**TASK**
Begin at the line that holds "Die Tripod Stehleuchte" and retype every line through the end of the material, both included. Leave out the pictures.

**RAW DATA**

────────────────────

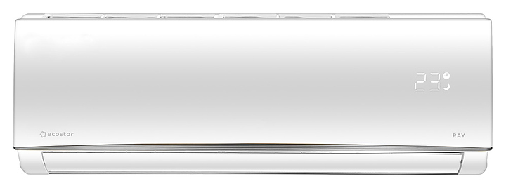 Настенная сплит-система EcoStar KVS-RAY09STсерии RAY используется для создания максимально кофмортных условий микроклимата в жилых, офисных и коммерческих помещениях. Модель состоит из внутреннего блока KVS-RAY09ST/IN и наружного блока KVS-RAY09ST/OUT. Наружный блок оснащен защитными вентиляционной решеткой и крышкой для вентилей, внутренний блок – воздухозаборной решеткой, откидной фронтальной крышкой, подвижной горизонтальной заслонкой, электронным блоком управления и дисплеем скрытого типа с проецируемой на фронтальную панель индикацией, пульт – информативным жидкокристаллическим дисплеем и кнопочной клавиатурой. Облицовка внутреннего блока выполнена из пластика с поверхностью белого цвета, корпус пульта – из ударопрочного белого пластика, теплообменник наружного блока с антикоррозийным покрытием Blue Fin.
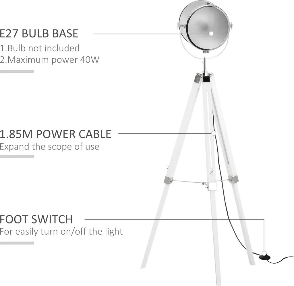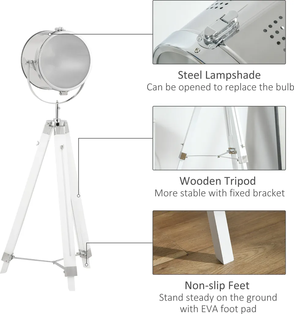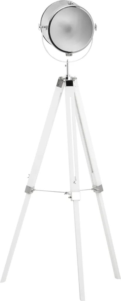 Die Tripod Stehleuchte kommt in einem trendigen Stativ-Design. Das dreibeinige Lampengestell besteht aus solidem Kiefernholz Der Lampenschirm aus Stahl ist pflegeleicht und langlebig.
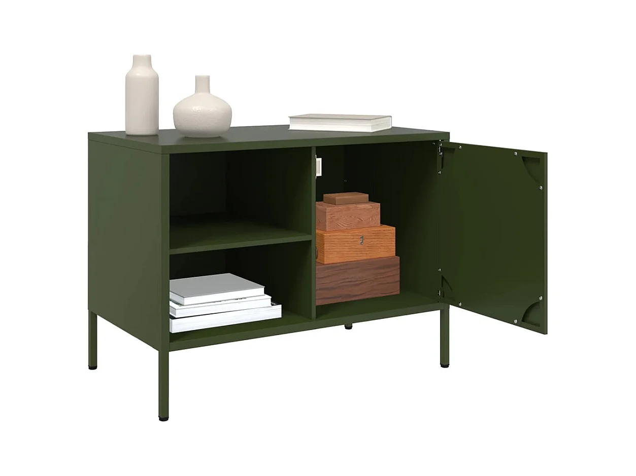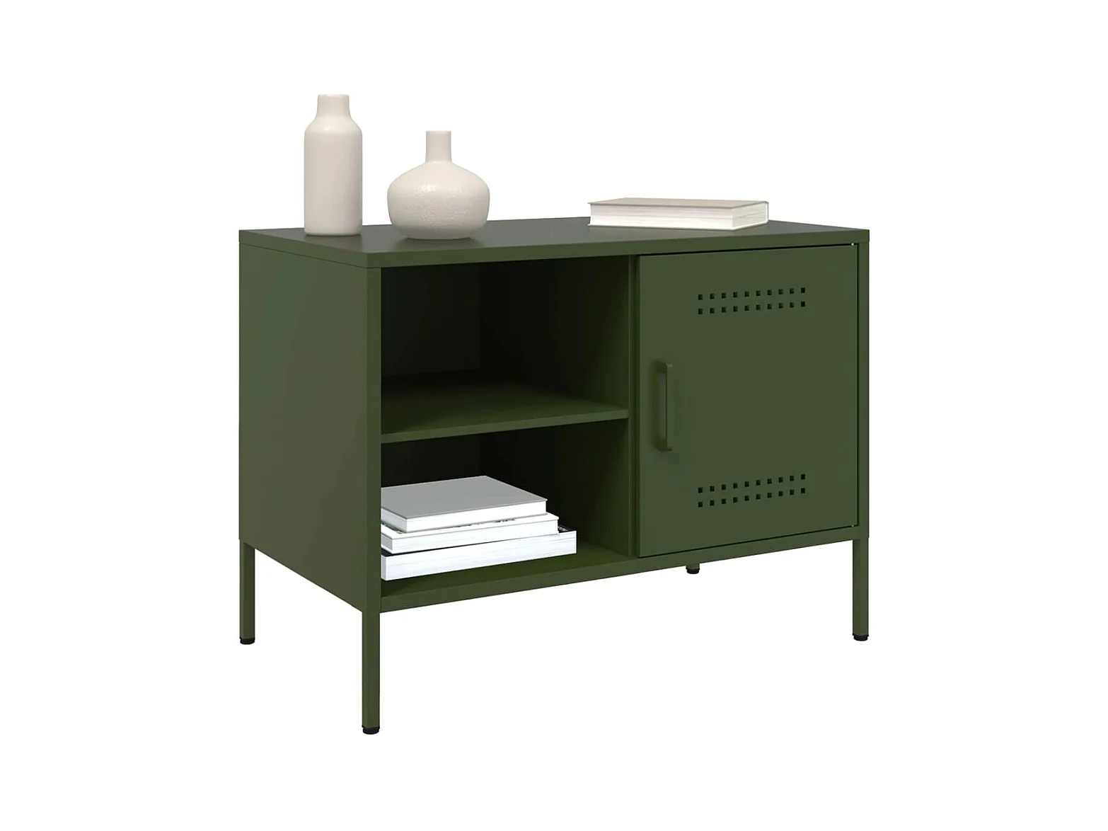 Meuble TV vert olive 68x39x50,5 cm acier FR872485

────────────────────

**TASK ANSWER**
 Die Tripod Stehleuchte kommt in einem trendigen Stativ-Design. Das dreibeinige Lampengestell besteht aus solidem Kiefernholz Der Lampenschirm aus Stahl ist pflegeleicht und langlebig.
 Meuble TV vert olive 68x39x50,5 cm acier FR872485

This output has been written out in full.